Eigenvalue and Eigenvector

Vector case

次にベクトルに関して考えてみよう.読者は行列の計算に関して多少知っていると仮定する.行列はベクトルに作用して新しいベクトルを生み出す.たとえば,回転したり,拡大縮小したりする.この時ベクトル x に行列 Aを作用させるなどと言う.たとえば行列 A は回転という作用だったりする,すると新しく b が出てくるというわけである.

A x = b


これだけ見ると,スカラと同じような形なのだが,Aは通常とても複雑で,何なのかわかりにくい.しかし,もし,

Ax'= λ x'


のようなスカラλ とx' があったらどうだろう? もしあったら,

複雑な A は実は一つのスカラ λ と同じことをすることがあるということがわかる.
実は私はこの文が Eigenvalue について全てを語っていると思っている.この一文を理解するためにこの blog を書いているようなものだ.どんな x に対しても,というのは無理だが,ある特定の x' に対してならλ があるという場合だ.

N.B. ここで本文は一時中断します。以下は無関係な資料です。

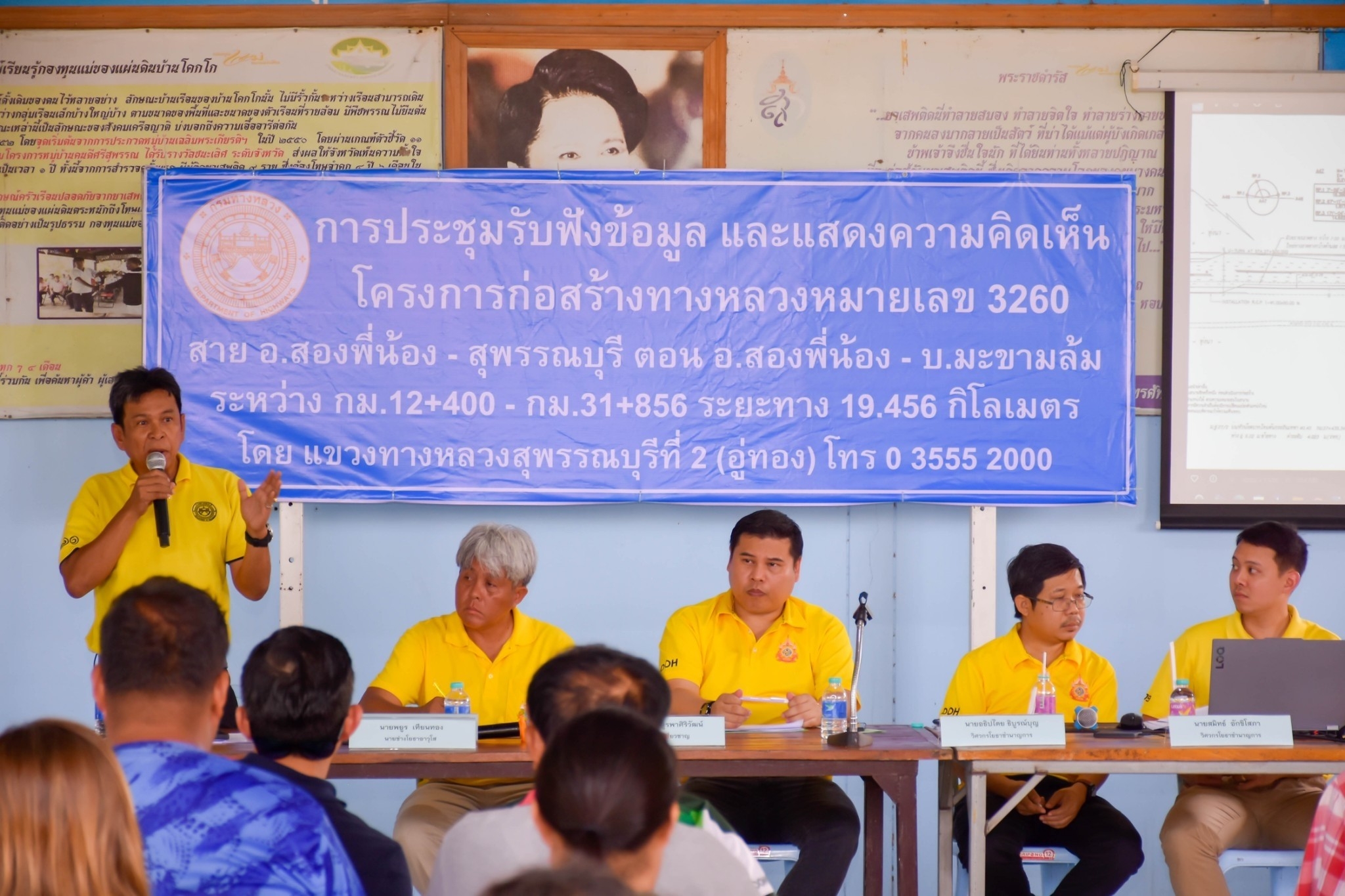 ประชุมการมีส่วนร่วมของประชาชนโครงการก่อสร้างทางหลวงหมายเลข 3260 สาย อ.สองพี่น้อง - สุพรรณบุรี ตอน อ.สองพี่น้อง - บ.มะขามล้มกม.12+400 - กม.31+856 ระยะทาง 19.456 กิโลเมตร ณ ศาลารวมใจหมู่ที่ 1 บ้านโคกโก ตำบลมะขามล้ม อำเภอบางปลาม้า จังหวัดสุพรรณบุรี
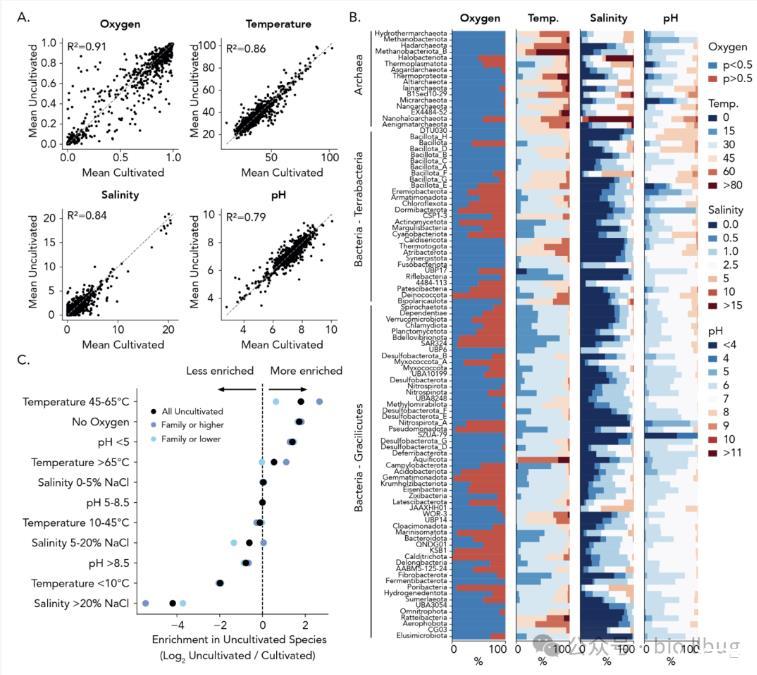 未培養(yǎng)微生物的新發(fā)現(xiàn):預(yù)測(cè)顯示,未培養(yǎng)物種更傾向極端環(huán)境(如高溫厭氧、高酸),暗示實(shí)驗(yàn)室培養(yǎng)條件的設(shè)計(jì)需突破常規(guī)思路。

これはすごい.100x100の行列の性質の「一面」を,一つのスカラで示すことができるからだ.100x100の適当な行列があった時,それが何をするのかなんてのは普通はわからない.

ここで,A はベクトルに対して「何か」をする「操作」だった.(例えば拡大,縮小,回転など) そういう操作の正体がこの λ で示されることがある.こういうλ とそれに対するx'を,行列 A の正体,ではなく,固有の値と固有のベクトルということで,固有値(eingenvalue),固有ベクトル(eigenvector)と言う.

なんで固有値(eigenvalue)とか固有ベクトル(eigenvector)というのを考えるのかわかっただろうか.行列 A そのものをそのまま理解することは難しいので,その一面で特にわかりやすものを取り出して行列 A を探ろうというのが,固有値を使う解析なのである.

ところで,一つの nxn の行列 A (n>1) に対して普通,固有値は一個ではない.一個で全部示すことができるならばいいんだが,世の中そんなに甘くはない.普通は複数あることに注意すること.だから行列の「一面」という言葉を使ったのだ.